YOUR INSTRUCTIONS — Begin at the line where "Licht und Schatten" appears and reproduce exactly every line through the end of the data below, both included, skipping pictures.

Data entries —
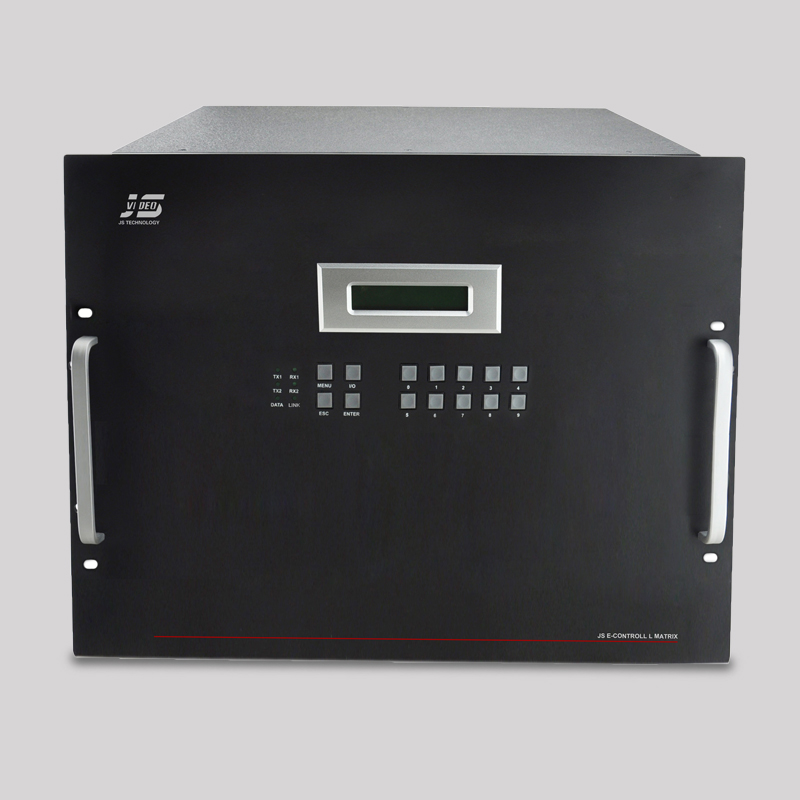 JS-MHD7272系列混合矩陣是一款高性能的高清視頻信號交換設備,可以加載18個信號輸入板卡和18個信號輸出板卡,最大可達到72路信號源輸入,72路信號源輸出。該矩陣支持各種高清數字板卡和模擬信號板卡組合,以及各種信號之間的交叉切換,任何一路信號的輸出可以自由選擇任何一路信號源而不會干擾其它的輸出,使信號傳輸衰減降至最低,圖像和聲音信號能高保真輸出。
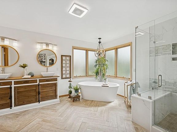 Welcome to this beautifully maintained two-story home in the Trout Brook Farms neighborhood. Situated on a nearly half-acre corner lot and quiet cul-de-sac, this 5-bedroom, 5-bathroom home offers flexible living space, thoughtful updates, and a layout designed for everyday comfort. Step into the two-story foyer filled with natural light and enjoy an open main level that flows from the family room to the kitchen and dining areas. The kitchen features granite countertops, a beverage station, and plenty of workspace—ideal for meal prep or hosting. You’ll find options for both formal dining and casual gatherings, plus easy access to the large deck and backyard. The main-level office includes built-in shelving and bright windows, offering a comfortable setup for work or study. Upstairs, four generously sized bedrooms each include walk-in closets, and all have direct bathroom access. The primary suite offers a private spa-inspired bath with a tiled walk-in shower, double sinks, and a spacious closet. The walkout lower level adds even more room with a large rec space, fifth bedroom, full bath, and a versatile bonus room—perfect for hobbies, a home gym, or storage. The backyard is landscaped and ready for summer fun, whether you’re grilling on the deck or gathering around a fire pit. Additional highlights include a 3-car garage, updated mechanicals (furnace & A/C), newer flooring and paint, and remodeled kitchen and bathrooms. The school bus stop is conveniently located right at the corner—an added bonus for busy mornings. Enjoy nearby walking trails, parks, sport courts, and the community’s Red Barn gathering space. A well-rounded home in a welcoming neighborhood—ready to make your own!
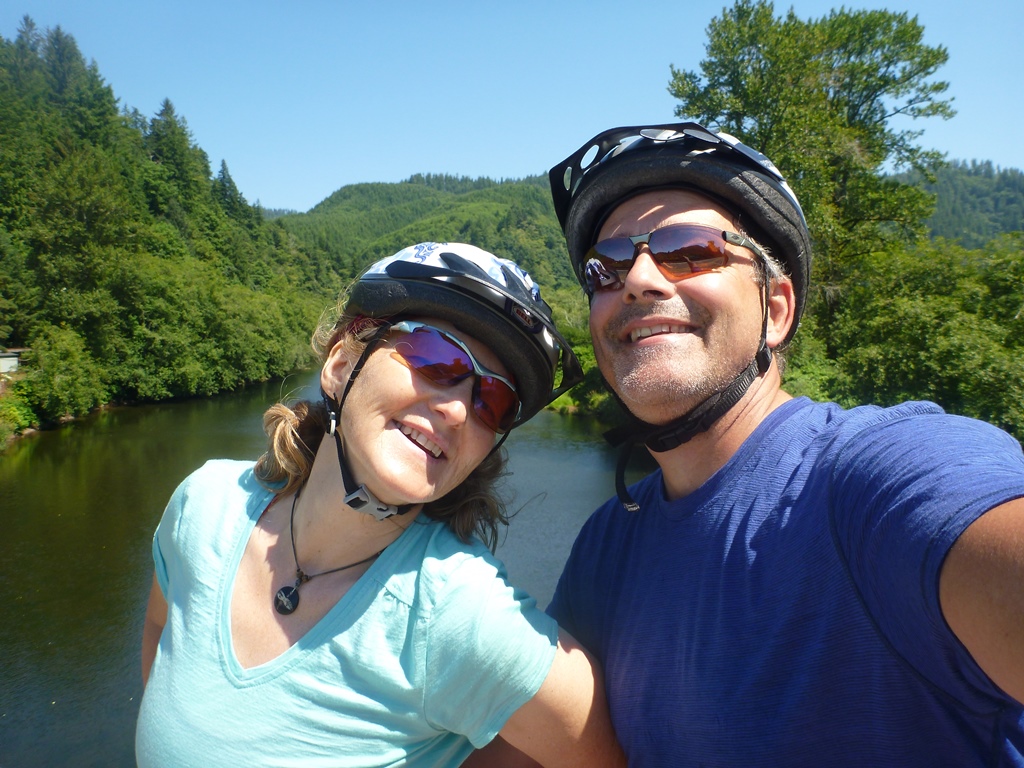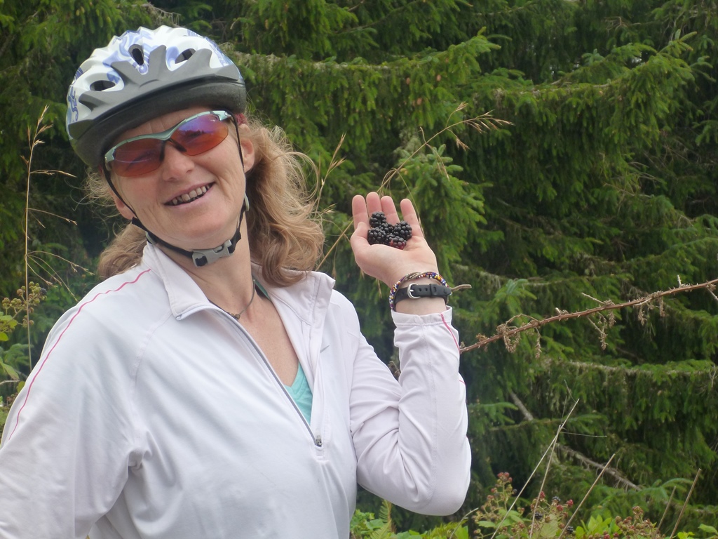 The sky was slightly overcast and the temperature was still cool enough to enjoy the brisk air before the day heated up too much. Continuing south on US 101, we passed through a few communities marked on the map that either had no brunch options or just slept through Sundays. Janet did notice a good number of ripe blackberries within easy reach so we took a short break before leaving the Nehalem River and had a quick snack. Janet had just a few more…
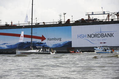 Licht und Schatten lagen für die 24 Yachten des HSH Nordbank blue race an diesem Wochenende ganz nah beieinander. Die Crew der „Outsider“ wurde unter großem Jubel als erstes Schiff der Flotte in Cuxhaven begrüßt. „Welcome home“ stand auf den T-Shirts des großen Empfangskommitees, der Rettungskreuzer „Hermann Helms“ schickte Wasserfontänen in den grauen Himmel und sogar ein kleines Feuerwerk wurde entzündet, als die silbergraue Yacht um 16.14 Uhr die Ziellinie vor Steubenhöft querte. Gut 100 Freunde und Verwandte waren gekommen, um die Atlantik-Segler nach den Strapazen zu begrüßen. 14 Tage, 20 Stunden und 14 Minuten und 10 Sekunden war die deutsch-neuseeländische Crew unterwegs.
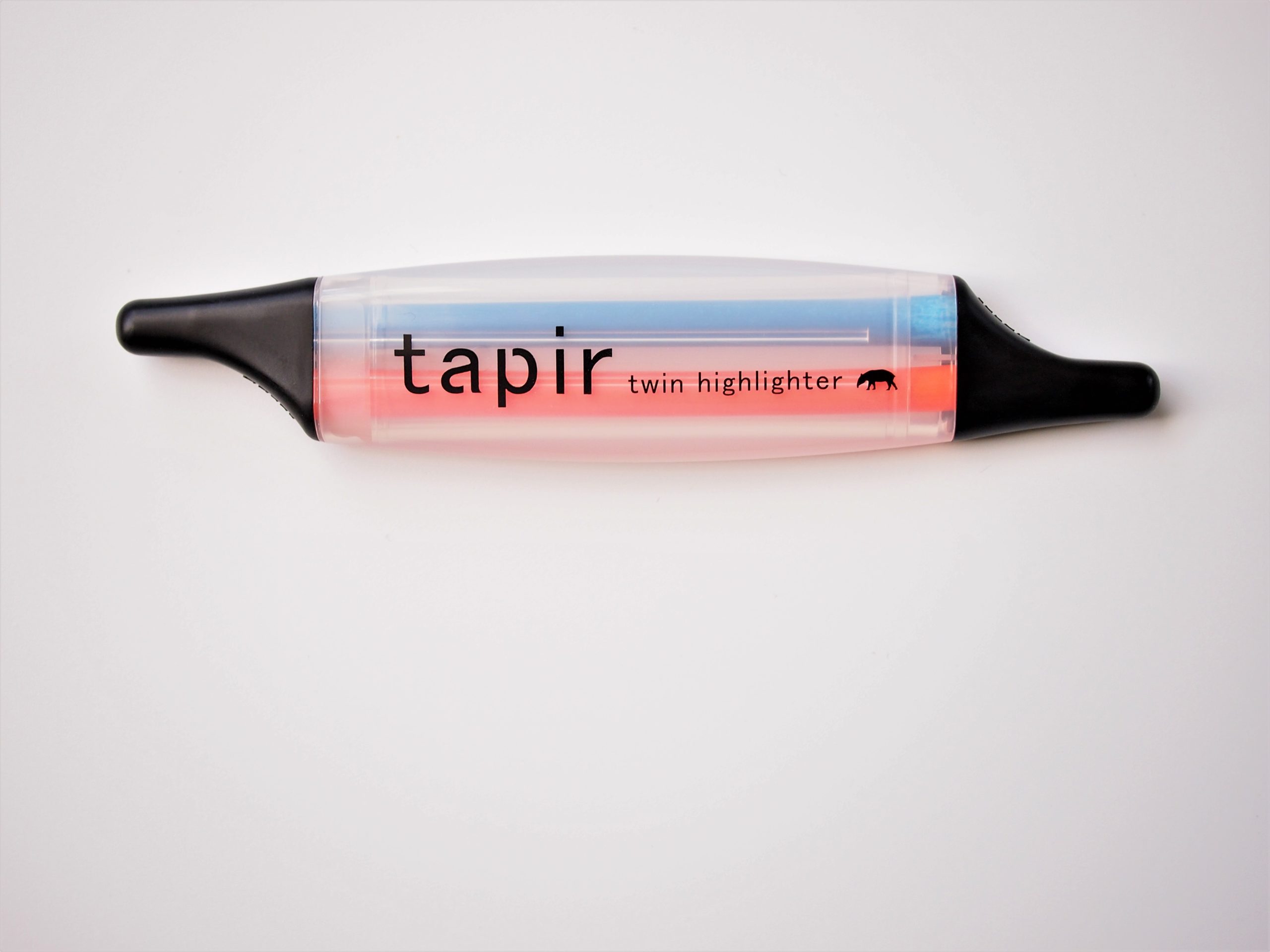 1本で2色の蛍光ペンは結構ありますけど、平たい形で透明なボディはとても面白いです。

SOLUTION —
 Licht und Schatten lagen für die 24 Yachten des HSH Nordbank blue race an diesem Wochenende ganz nah beieinander. Die Crew der „Outsider“ wurde unter großem Jubel als erstes Schiff der Flotte in Cuxhaven begrüßt. „Welcome home“ stand auf den T-Shirts des großen Empfangskommitees, der Rettungskreuzer „Hermann Helms“ schickte Wasserfontänen in den grauen Himmel und sogar ein kleines Feuerwerk wurde entzündet, als die silbergraue Yacht um 16.14 Uhr die Ziellinie vor Steubenhöft querte. Gut 100 Freunde und Verwandte waren gekommen, um die Atlantik-Segler nach den Strapazen zu begrüßen. 14 Tage, 20 Stunden und 14 Minuten und 10 Sekunden war die deutsch-neuseeländische Crew unterwegs.
 1本で2色の蛍光ペンは結構ありますけど、平たい形で透明なボディはとても面白いです。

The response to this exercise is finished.